Said bartender was back in Washington for a few weeks, and made a comment that serves as a perfect bookend to his initial question, but first, a little background.

One may argue over how one describes the "Seventies Sound," but, as anyone who has seen the wonderful That '70's Show can attest, there is clearly something that can be identified as a " '70's style." (A Mind That Suits hates that show because it is 100% accurate, and the characters were all born, apparently, within 6 months of each other, and of A Mind That Suits. It embarrasses him, and makes him squirm.) In music, one could point out that the Sex Pistols were from the '70's, but Nevermind the Bollocks did not go gold until the '80's. If you define the '70's Sound by what one expected to hear when one snapped on the radio, one band clearly defined the decade the way the Beatles defined the '60's, and that band was Paul McCartney and Wings. From Up Against the Wall to Cheap Trick, beating Paul was what pop music was all about. You could even define Punk as "not Paul," since the punks said they were rebelling against what was going on in rock at the time, which was Paul. Given the sporadic output of John Lennon and George Harrison back then, A Mind That Suits found himself in many arguments with other young people who said that Paul McCartney was all there was to the Beatles.
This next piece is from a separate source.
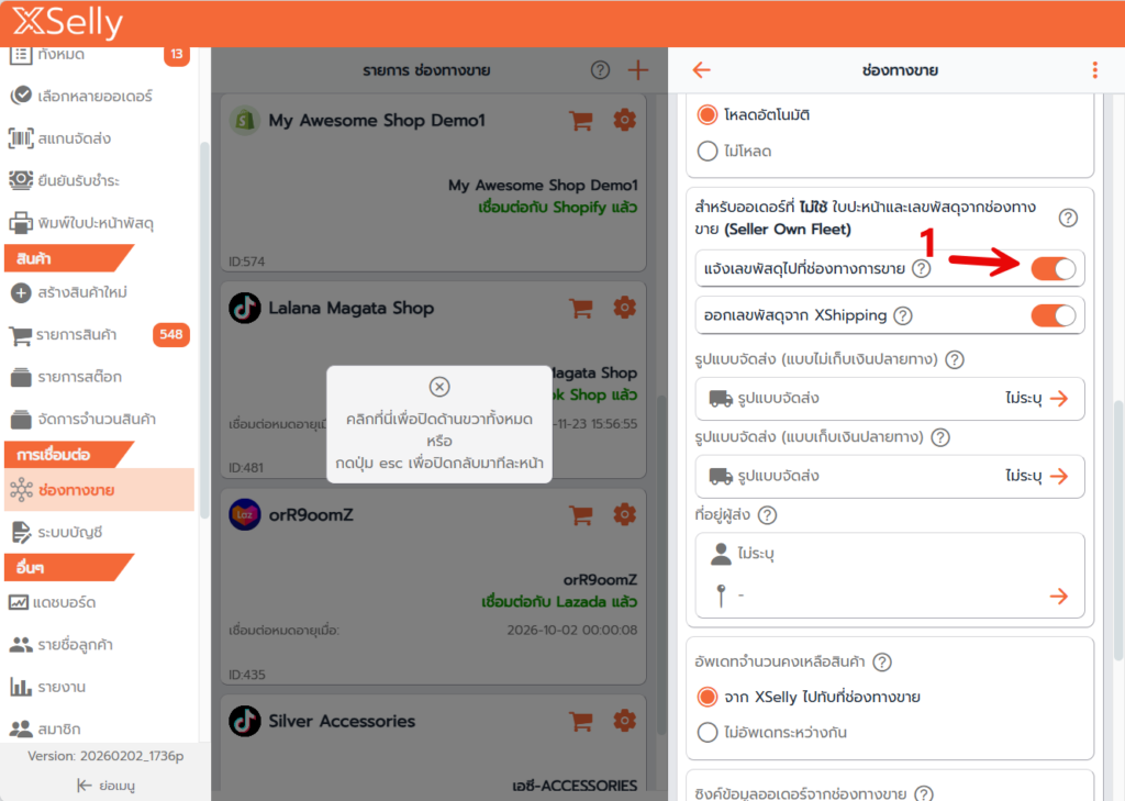 ขั้นที่ 1 — เปิดการแจ้งเลขพัสดุไปยังช่องทางขาย

And then John was murdered, and, for some reason, Paul's career sputtered out a few years thereafter, if you can describe a nuclear rocket ship as "sputtering out." A Mind That Suits began to find himself in arguments with people who maintained that John Lennon was all there was to the Beatles. He did not find this a comfortable position to be in--he has always been on the Lennon/Harrison side of things. But he has always been a fair person, and it takes a lot to minimize Paul McCartney's role in the Beatles.

The details of Paul's career in the last 20 years are interesting, in an antiseptic, analytical kind of way, but the main point is that he has not dominated public consciousness the way he dominated it, with few challengers, for the 20 years before that.

And so A Mind That Suits happily gave the greates hits package to his youngish friend, with the warning that much of it was precursor to the '80's Hair Bands.

What was the bartenders reaction? "I can't get into Wings. If I want to hear the Seventies Sound, I can listen to (list of second-tier, forgettable bands.) I don't have to listen to that."

Sic Transit Gloria Mundi.
(Thus passes the Glory of the World, for those of you who took no Latin.)